EXERCISE AIM => Output the data verbatim, minus the images.

STORED DATA =>
───

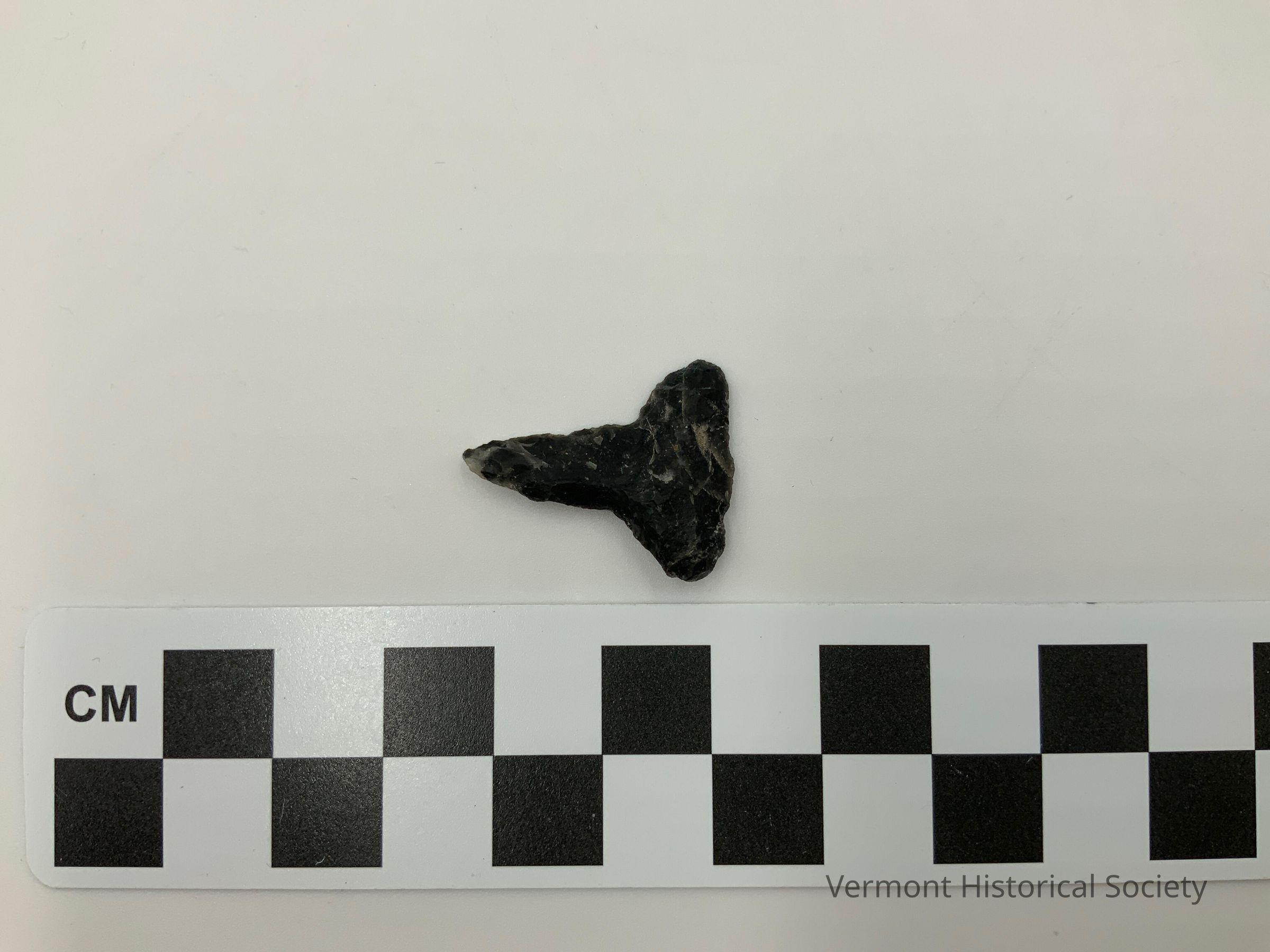 Chipped stone drill made of black chert. The base is wide, and the drill is symmetrical with straight blade edges.Context
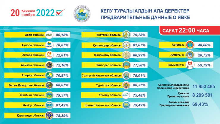 Объявлены предварительные итоги явки избирателей на выборы президента в Казахстане. По данным ЦИК, на 22.00 по времени Астаны явка составила 69,43 процента, передает корреспондент Tengrinews.kz.
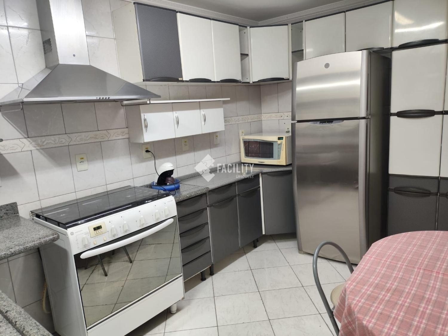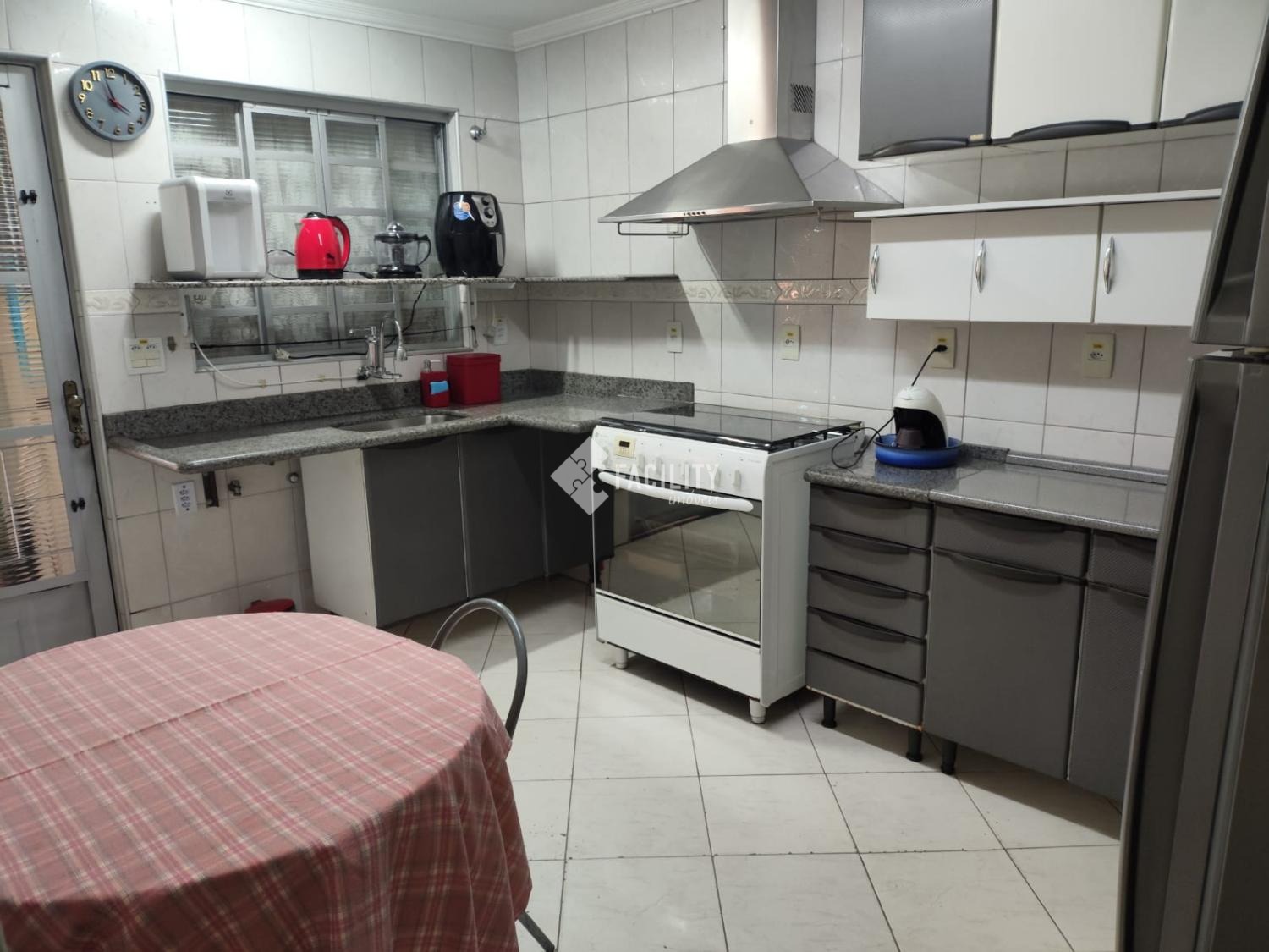Cozinha com azulejo até o teto, coifa, armários planejados e despensa.

───

EXERCISE OUTPUT =>
 Chipped stone drill made of black chert. The base is wide, and the drill is symmetrical with straight blade edges.Context
 Объявлены предварительные итоги явки избирателей на выборы президента в Казахстане. По данным ЦИК, на 22.00 по времени Астаны явка составила 69,43 процента, передает корреспондент Tengrinews.kz.
Cozinha com azulejo até o teto, coifa, armários planejados e despensa.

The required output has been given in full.